**PROVIDED ENTRIES**
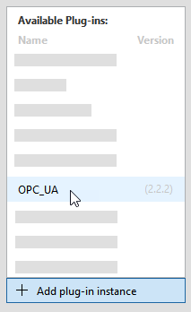 2. Add the OPC UA server to the list of plug-in instances on the left.
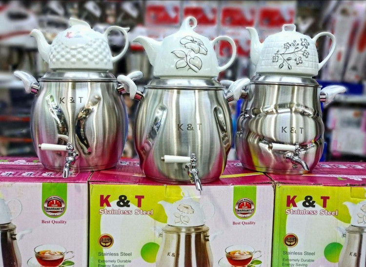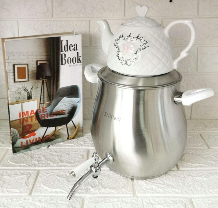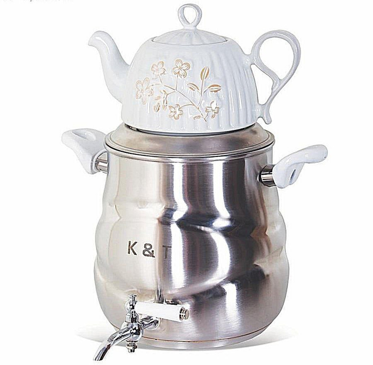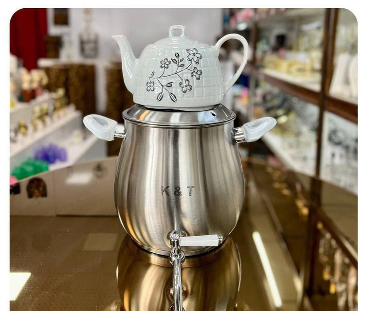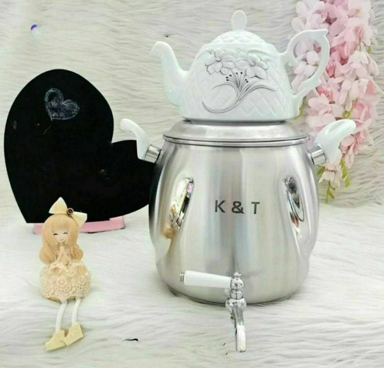 گنجایش ۶ لیتر ، کف چدن ۴ لایه ، کتری استیل اعلا قوری چینی
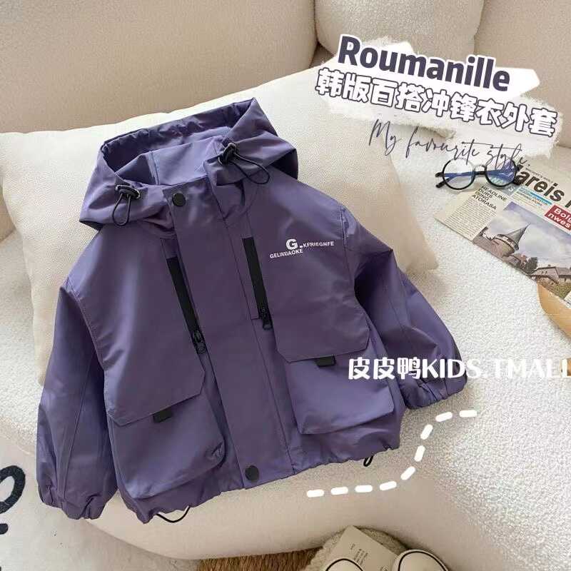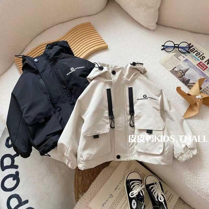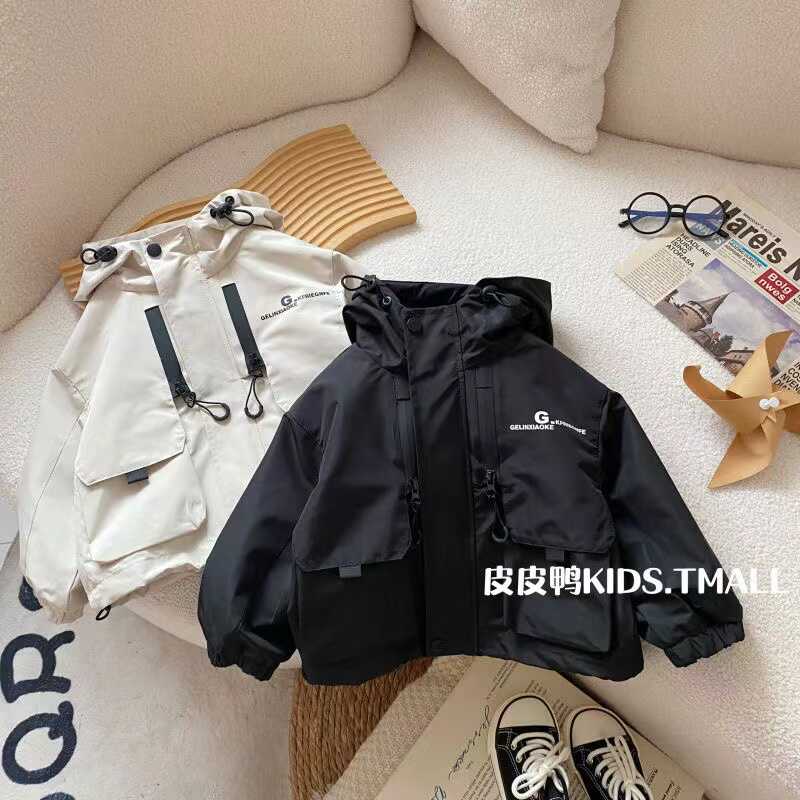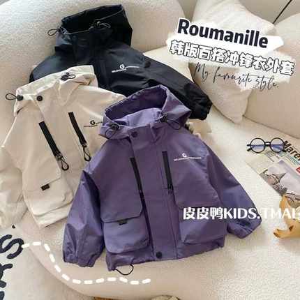 男童冲锋外套春秋宝宝冲锋衣秋装儿童秋季新款上衣小童连帽男孩
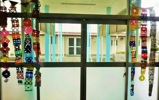 1年生が6年生への感謝の気持ちを込めて,飾り付けを作りました。
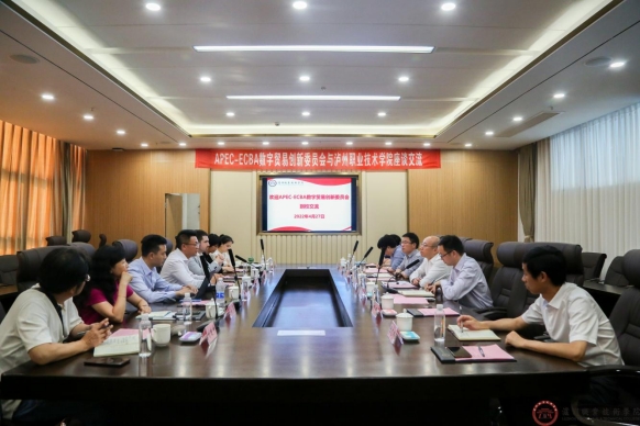 谢鸿全对孔志刚一行的到来表示欢迎,并就学校专业建设、员工培养、团队队伍、产教融合、对外合作、科研工作及取得的成果等方面进行了介绍。孔志刚对公司发展取得的突出成绩给予高度赞赏,并详细介绍了APEC-ECBA数字贸易创新委员会的组成、业务开展情况、下一步工作目标以及此行目的。双方围绕国际合作创新、跨境云商实训基地、碳中和项目等领域的合作进行深入而务实的交流,并达成推进项目合作的共识。

**TASK DESCRIPTION**
Every entry, word for word: repeat it, but skip the images.

**TASK SOLUTION**
 2. Add the OPC UA server to the list of plug-in instances on the left.
 گنجایش ۶ لیتر ، کف چدن ۴ لایه ، کتری استیل اعلا قوری چینی
 男童冲锋外套春秋宝宝冲锋衣秋装儿童秋季新款上衣小童连帽男孩
 1年生が6年生への感謝の気持ちを込めて,飾り付けを作りました。
 谢鸿全对孔志刚一行的到来表示欢迎,并就学校专业建设、员工培养、团队队伍、产教融合、对外合作、科研工作及取得的成果等方面进行了介绍。孔志刚对公司发展取得的突出成绩给予高度赞赏,并详细介绍了APEC-ECBA数字贸易创新委员会的组成、业务开展情况、下一步工作目标以及此行目的。双方围绕国际合作创新、跨境云商实训基地、碳中和项目等领域的合作进行深入而务实的交流,并达成推进项目合作的共识。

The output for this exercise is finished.